Thursday, March 16, 2017

"How Forgiven?"

"How Forgiven?"     

   
    Having considered yesterday the "freely given" salvation of the Lord Jesus Christ - "How Free?" - we now consider the extent of the pardon we received when we trusted in Christ.  How forgiven are believers? 

   This forgiven:  "Blessed is the man to whom the Lord will not impute sin" (Romans 4:8).

   God accounts the atoning sacrifice of His Son as so perfectly executed that those who avail themselves of His grace need never fear that He will ever again place sin on our account.  He "will not impute sin" to us because He imputed them so completely to Christ.  Thus, no jeopardy regarding our relationship with God exists since the enemy that once divided us has been vanquished.  Even the Old Testament speaks of such mercy in its foreshadowing of the redemptive work of Christ.

   "Your iniquities have separated between you and your God, and your sins have hid His face from you: (Isaiah 59:2).
   "As far as the east is from the west, so far hath He removed our transgressions from us" (Psalm 103:2).
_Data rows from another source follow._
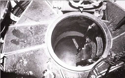 Вид из рубки через люк центрального отсека диаметром 600 мм и стальную лестницу в трубе для быстрого спуска в лодку в случае сигнала тревоги. Пол мостика покрыт деревянными плитами. Комингс обшит металлической шиной, к которой крепилось резиновое уплотнение крышки центрального люка.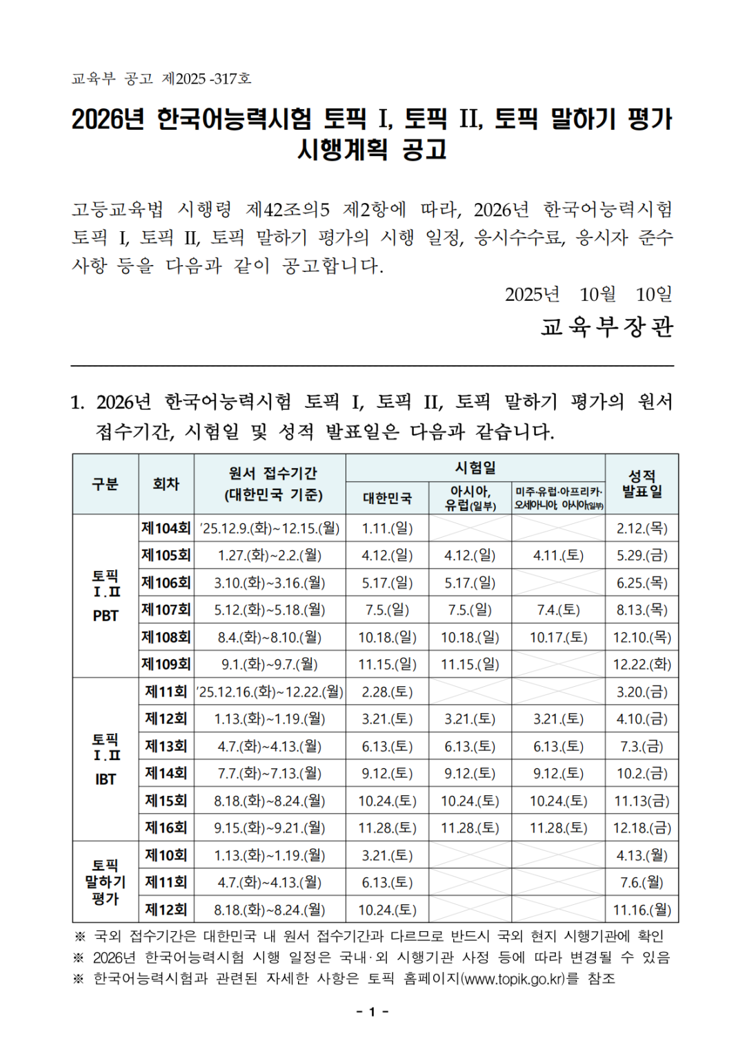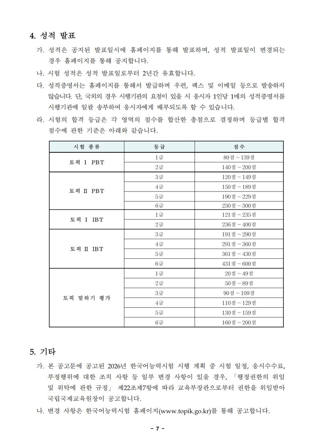 26年TOPIK考试详情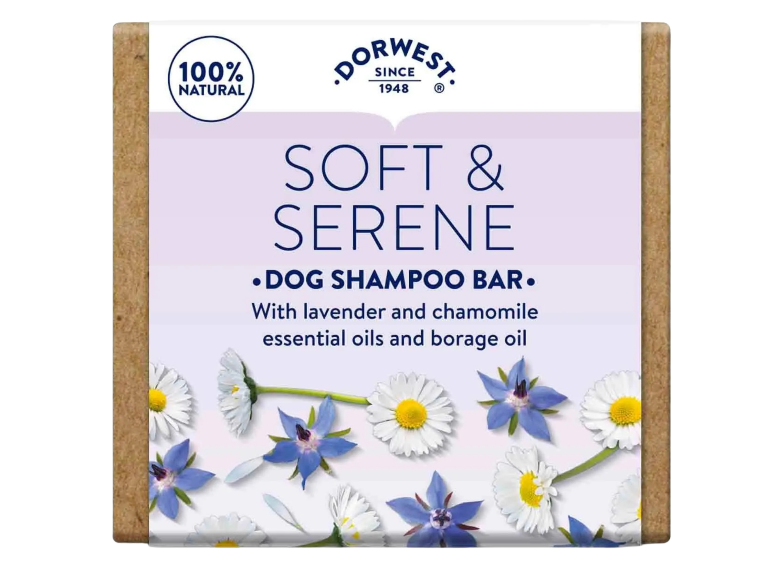Our Soft & Serene Dog Shampoo Bar is specially formulated for dogs prone to itchy, irritated and sensitive skin. With Borage oil and Chamomile and Lavender essential oils, alongside a base blend of Shea butter and Coconut, Sunflower, Castor and Sweet almond oils, these highly nourishing and soothing natural ingredients support optimal skin health, so your dog can wave goodbye to flaky, dry skin.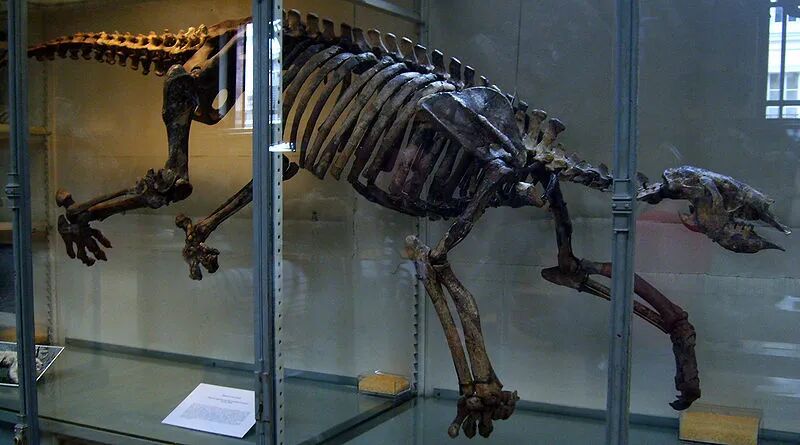 美洲大地懒(Megatherium americanum)骨架,它的体型与大象接近。图片:LadyofHats / Wikimedia Commons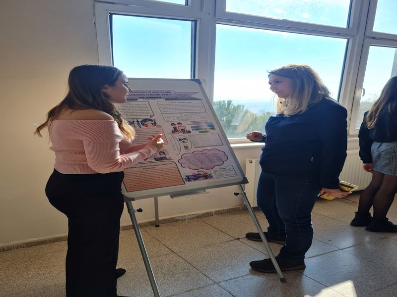 27 Aralık 2022 tarihinde İşletme (İngilizce) Bölümü 4. sınıf öğrencileri tarafından Graduation Projects dersi kapsamında poster sunumu etkinliği gerçekleştirildi. Dönem boyunca mezuniyet projeleri üzerinde çalışan öğrenciler, İşletme Fakültesi’nin 2. katında sundukları posterler ile ziyaretçilere projelerini anlattı. Sunum, fakülte öğretim üyeleri, idari personel ve öğrenciler tarafından yoğun ilgiyle karşılandı. Etkinlik boyunca katılımcılara müzik eşliğinde yiyecek ve içecek ikramı yapıldı. Öğrencilerin ilgi duydukları bir alanda, bilimsel ilkelere uyarak hazırladıkları araştırma projelerine dair posterler katılımcıların beğenisine sunuldu. Etkinliğin sonunda, posterler hakkında bilgilendirilen katılımcılardan oy kullanıp en çok beğendikleri sunumu seçmeleri istendi. En iyi poster seçimi için oy kullanıldı ve en çok oyu alan öğrenci, “The Importance of Creating and Maintaining Customer Loyalty for Business” isimli posteri ile Fadime ALABAŞ oldu. “Being A Woman In Businesslife: Strategies to Overcome The Glass Ceiling Syndrome” isimli posterleri ile Emine Selen ÇETİN ve Gizem KANGALLI ikinci olurken, Yaren SAMUK ve Özge İpek ÜNSAL “The Impact of Influencer Marketing on Purchasing Process” posteri ile üçüncü oldular. 1’inciliği hak eden Fadime ALABAŞ’a Graduation Projects dersinin öğretim üyesi Doç. Dr. Nuray DEMİREL ARICI tarafından Başarı Belgesi ve kitap hediyesi verildi.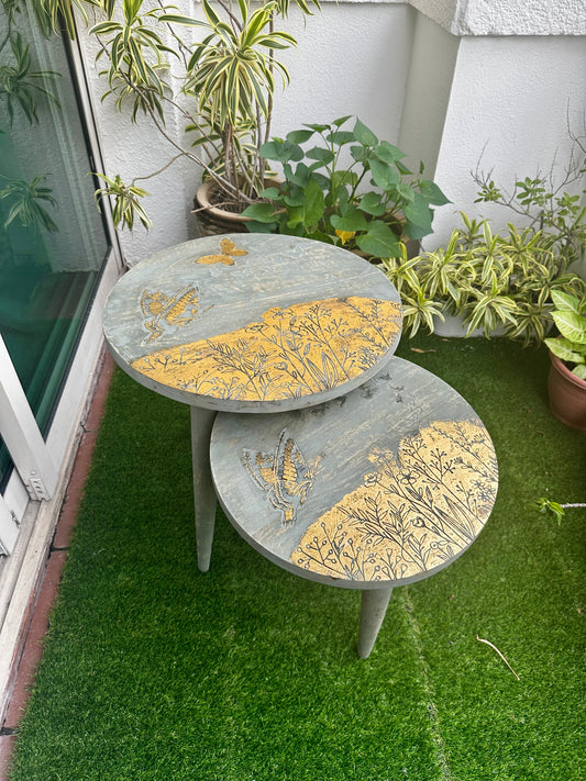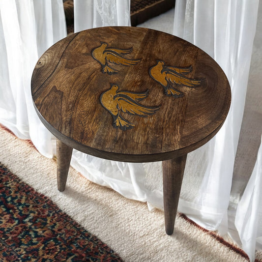 The Golden Flutter Vintage Wooden Accent Table with Detachable Legs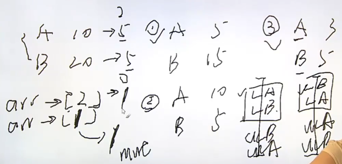 信号数组 2 ,每个信号量为1→两个互斥量, 原子操作 锁a和锁b,否则死锁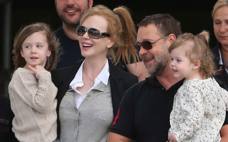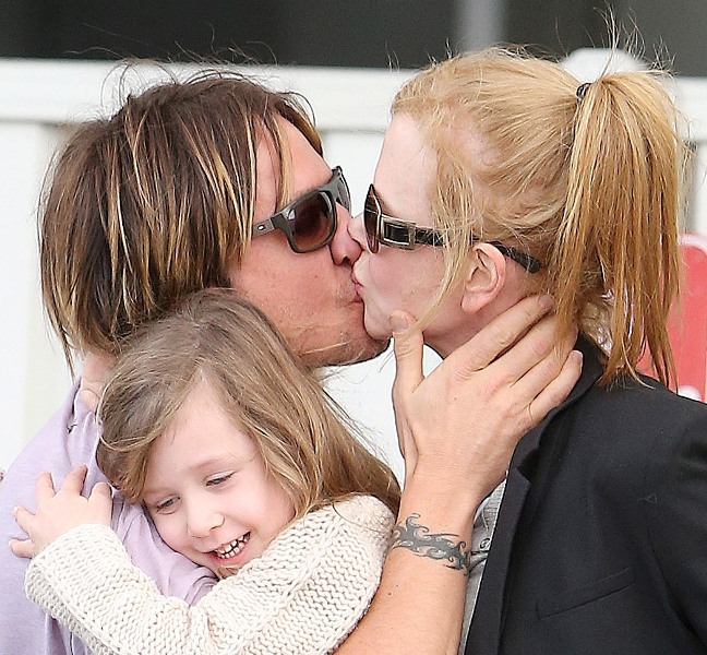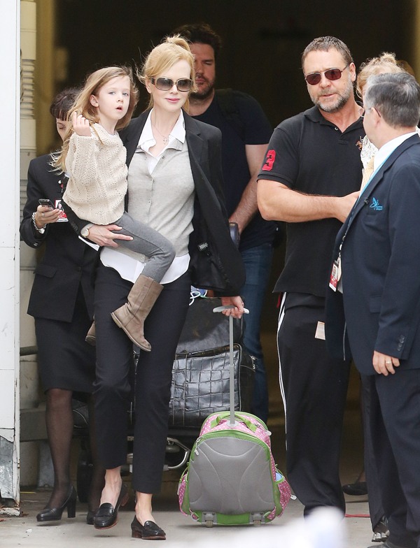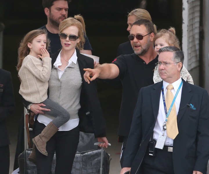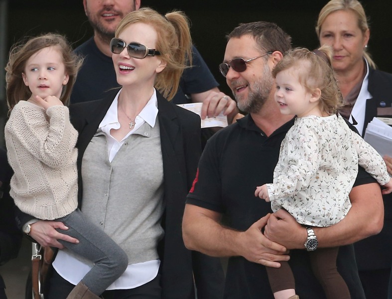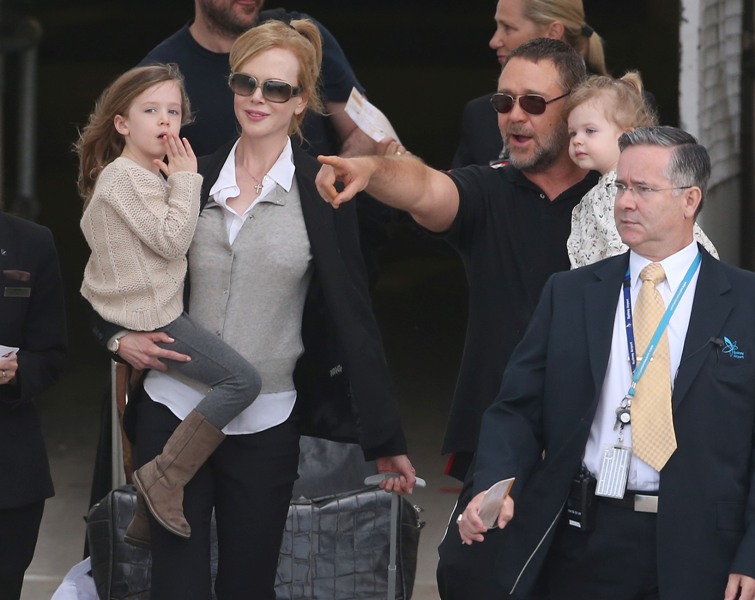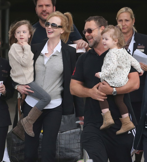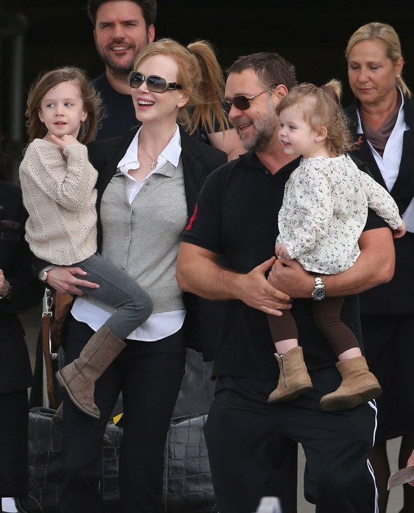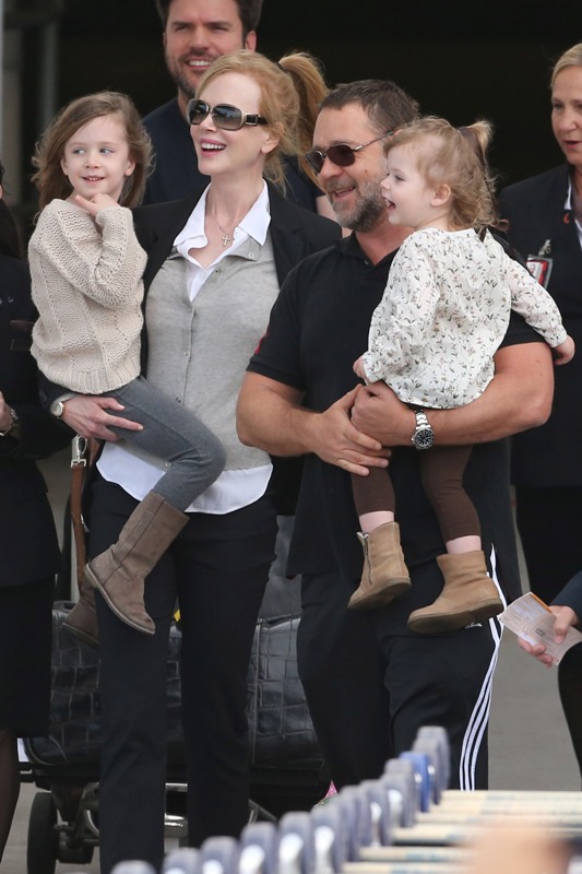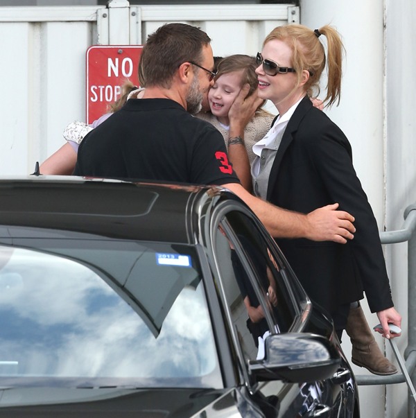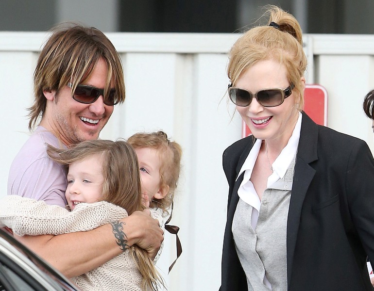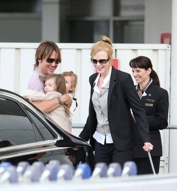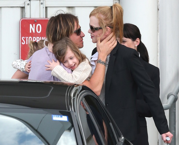 Nicole Kidman arrived in Sydney today with daughters Sunday and Faith. Evidently she was on the same flight as Russell Crowe as they exited the airport together, each carrying one of the girls, and if you didn’t know about gossip and celebrities, you’d think they were the parents, only Keith Urban was there to meet them and, well, you can see that happy reunion below.

   Once we have entered into the safe ark of the Lord Jesus, the raging storm of God's wrath against sin can never, by God's own determination, threaten us again.  "Jesus… delivered us from the wrath to come" (I Thessalonians 1:10).  Again, the relationship is secure.  Our fellowship with our Heavenly Father, however, constitutes another matter. We may or may not walk with Him in the close communion that leads to a corresponding life of obedience.  God deals with us as a loving Father, administering tendermercies and lovingkindness as we walk with Him, but also applying the rod of correction if we stray.  "Whom the Lord loveth, He chasteneth, and scourgeth every son whom He receiveth" (Hebrews 12:6).  Note that the chastening referenced concerns the sons received, or rather those whom God has freely forgiven forever.  He loves us too much to allow sin to have dominion over us after He has granted full pardon.  Moreover, His own reputation and integrity demand that He act if His children live in a manner contrary to the grace we have received in the Lord Jesus.  Thus, while we will never face the wrath of God as a condemning judge, we can experience the painful rod of God wielded by Him as a loving Father.

   The more we know the Lord Jesus, and the more we discover how free is the forgiveness we have received in Him, the more motivated and empowered we are to love, trust, and obey Him.  God loves us so much that He made possible a salvation secured by the suffering of His Son.  He left nothing undone as He poured out the full fury of His wrath against the One who not only bore our sins, but was also "made to be sin for us" (I Peter 2:24; II Corinthians 5:21).  The further we journey into the light of such mercy, the more the Holy Spirit transforms our determinations and inclinations whereby we seek to requite the grace we have known.  "We love Him because He first loved us" (I John 4:19).  We can never repay our Lord, of course, but we can respond to His goodness by seeking to better know the full extent of our freely given relationship, and then by walking in the blessedness of fellowship and faithfulness.  How forgiven?  As mentioned yesterday in response to "How free?", sublimely, wondrously, gloriously, entirely, breathtakingly forgiven!  This is the grace of the Lord Jesus, and the brilliant illumination of truth that assures our hearts, and motivates our determination to honor Him.

"And you, being dead in your sins and the uncircumcision of your flesh, hath He quickened together with Him, having forgiven you all trespasses."
(Colossians 2:13)
"Now no chastening for the present seemeth to be joyous, but grievous: nevertheless afterward it yieldeth the peaceable fruit of righteousness unto them which are exercised thereby."
(Hebrews 12:11)

Weekly Memory Verse
   Now faith is the substance of things hoped for, the evidence of things not seen.